Can the Current Unprecedented Global Expansion of Capitalism

be Sustained

The global expansion of capitalism is an ongoing and uneven process. Discuss the similarities and differences between capitalism's historical expansion and current forms of expansion, and whether or not capitalism's expansion can be sustained. What limits are there to its continued expansion and what implications does this have for its, and our, future?

Many societies in the recent past have tried to deny the power of capitalism to their detriment. Communist economic theory may work in a perfect world, but humans will never be perfect. It is not in human nature to work as hard as possible so that someone else can benefit from that work. Of course, people will work hard for their family's benefit, but they often quail at having to work hard and then provide to the community larder. Capitalism, and trade, have worked for centuries as a means of using one's own talents and experience for another's benefit so that they can provide either something equally valuable in trade or a substitute that can then be handed over for the needed article. Capitalism has its downfalls, such as the very real potential for greed, but it has also been the engine by which the structure of the present world is built.
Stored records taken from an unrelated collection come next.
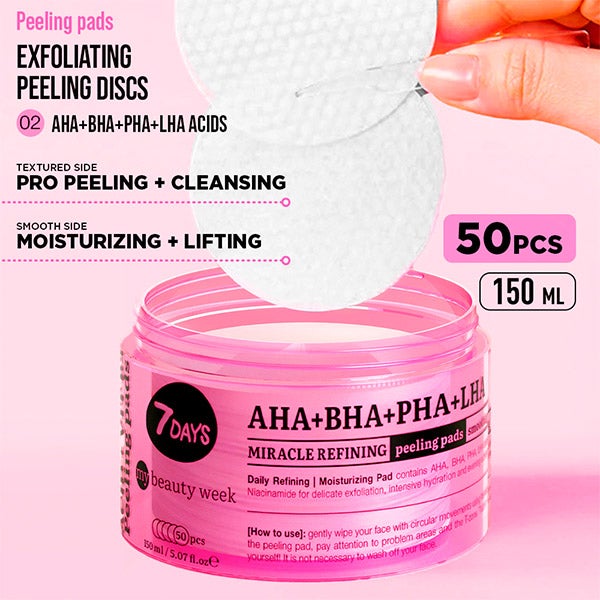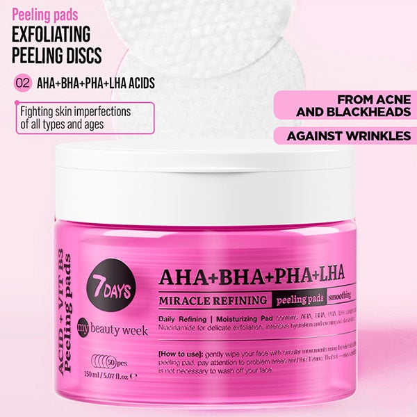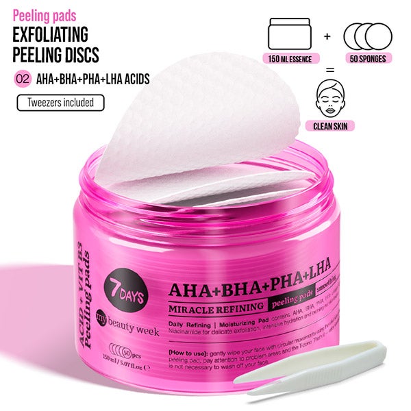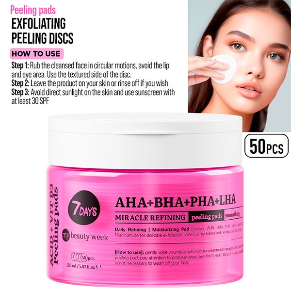 Almofadas esfoliantes faciais refinadoras com complexo PRO de quatro ácidos: 4 passos para alcançar uma pele suave, hidratada, flexível e luminosa.
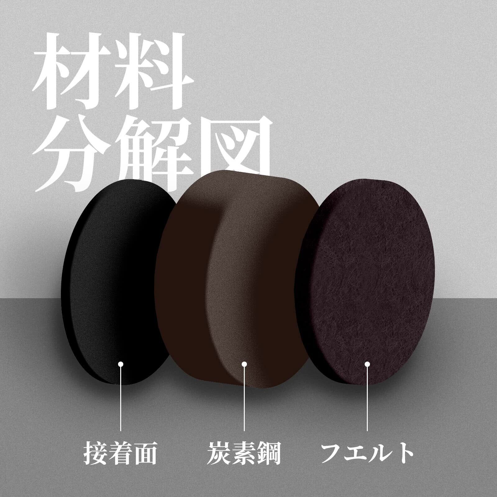 【商品仕様】円形:直径6cm 高さ32mm カラー:ブラウン 材質:両面テープ+炭素鋼+フェルト 適応サイズ: 6×6cm以下の角脚、直径6cm以下の丸脚
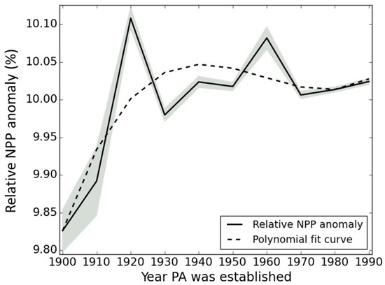 Average relative NPP response to climate variation as % to long-term mean by year forest was designate as protected. Shaded areas represent the 95% confidence interval.
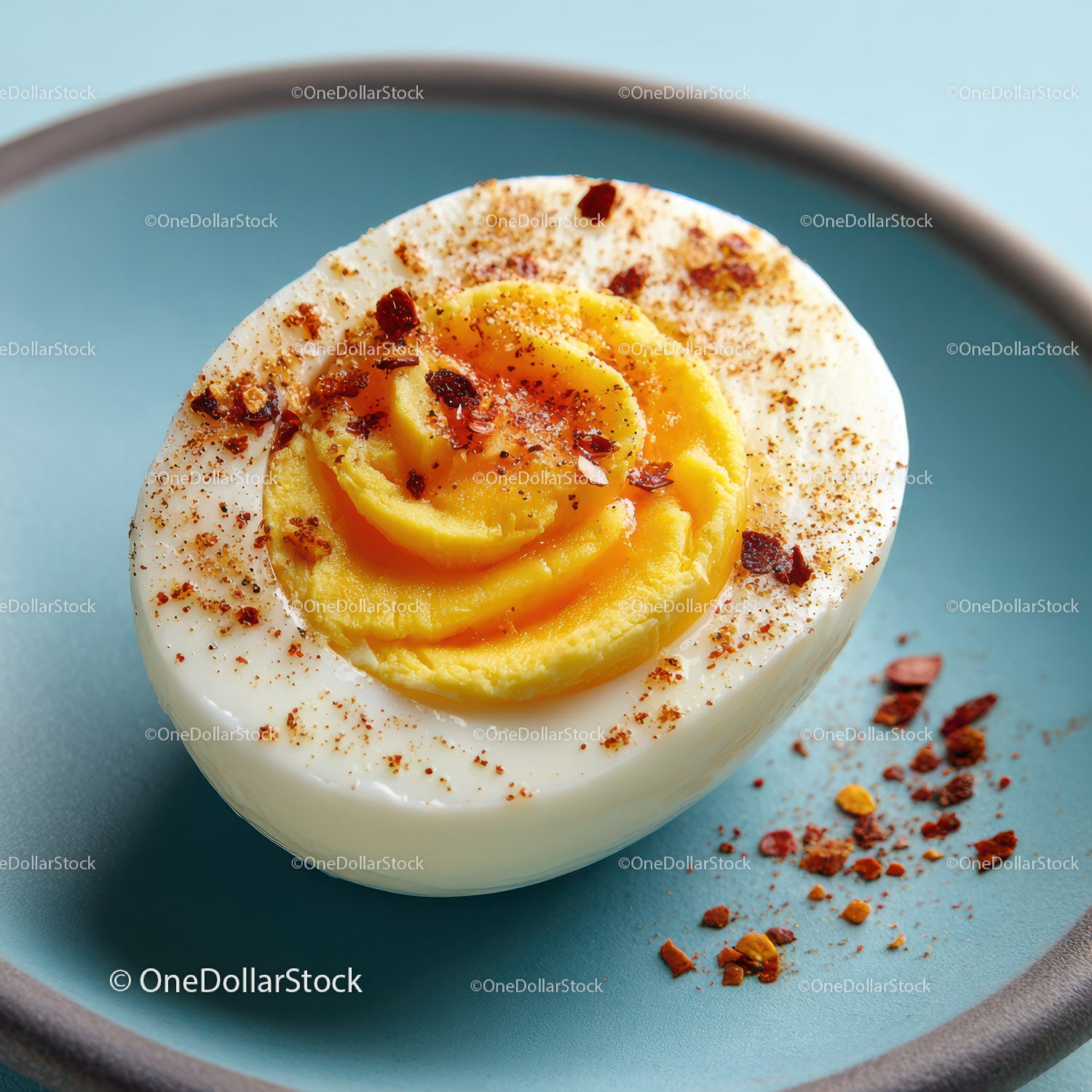 Pokrojone jajko gotowane z papryką i płatkami chili na niebieskim talerzu
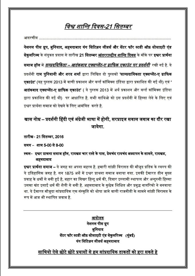 नेशनल पीस ग्रुप, बुनियाद, अहमदाबाद यंग सिटिज़न लीडर्स और सेंटर फॉर स्टडी ऑफ़ सोसाइटी एंड सेकुलरिज्म के संयुकत प्रयास से तारीख 21 सितम्बर आंतररास्ट्रीय शान्ति दिवस के मौके पर इश्वर प्राथना समाज हॉल में एक प्रदर्शनी रखी गई है. ये प्रदर्शनी राम पुनियानी और शरद शर्मा द्वारा लिखित दो पुस्तकों ‘साम्प्रदायिकता एक्सप्लेंट-ए ग्राफिक एकाउंट’ एवं ‘ आतंकवाद एक्सप्लेंट-ए ग्राफिक एकाउंट’ पर आधारित है. सभी साथिओ को इस प्रदर्शनी में हिस्सा लेने के लिए एवं इश्वर प्राथना समाज को देखने के लिए आमंत्रित करते है.
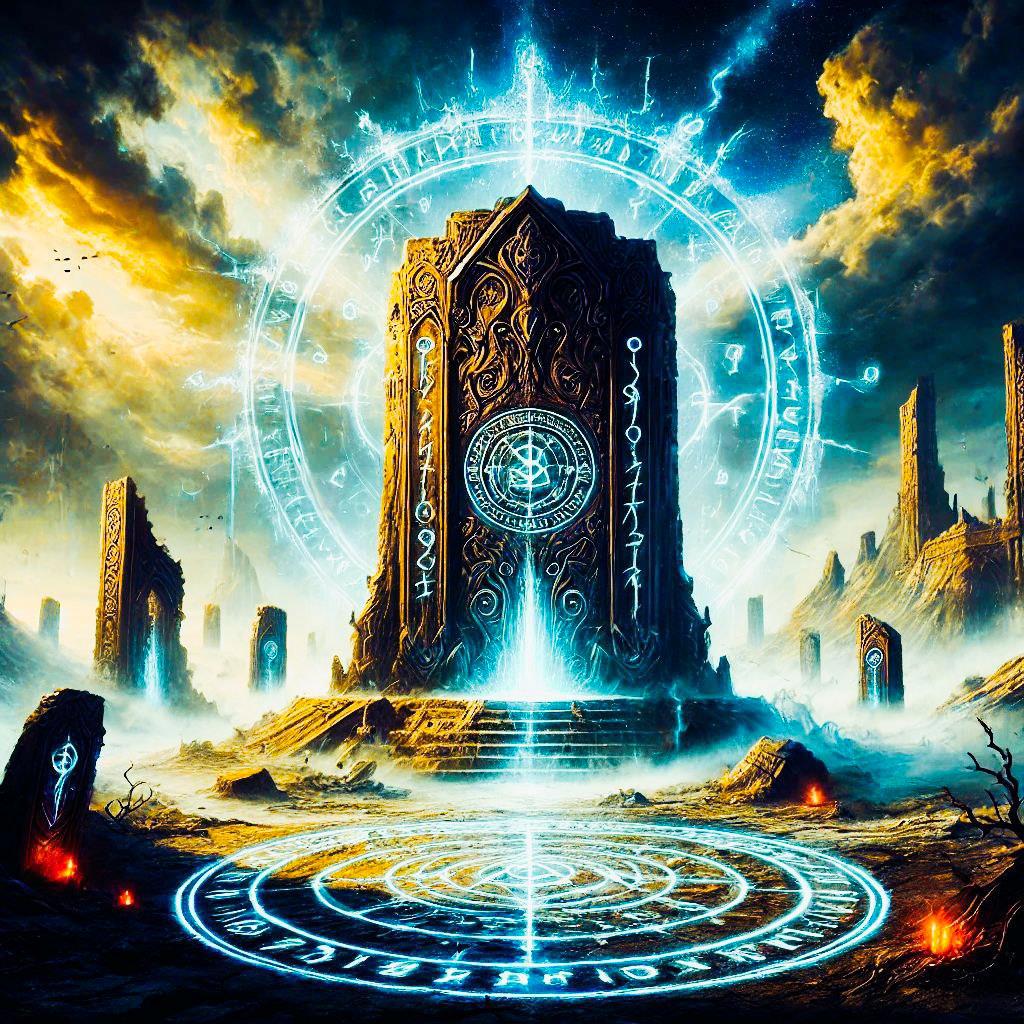*"Здесь покоится Элейон, хранитель света, несгибаемая воля мира. Он бросил вызов самому воплощению тьмы — Гримхольду, дитя ненависти и хаоса, выкованному в недрах зла. В битве, что разорвала небеса и сотрясла горы, Элейон стал не просто магом — он стал легендой.

From a historical perspective, capitalism is what allowed people to live together in greater quantities than could be sustained by hunter-gatherer circles. Trade for goods began in ancient times, but it was not until much more recently that this practice was set up into a system that could be called an economic theory. Perelman (2000) traces capitalism back to the early days "sixteenth and seventeenth centuries" (17). He says that at this time people worked six days a week...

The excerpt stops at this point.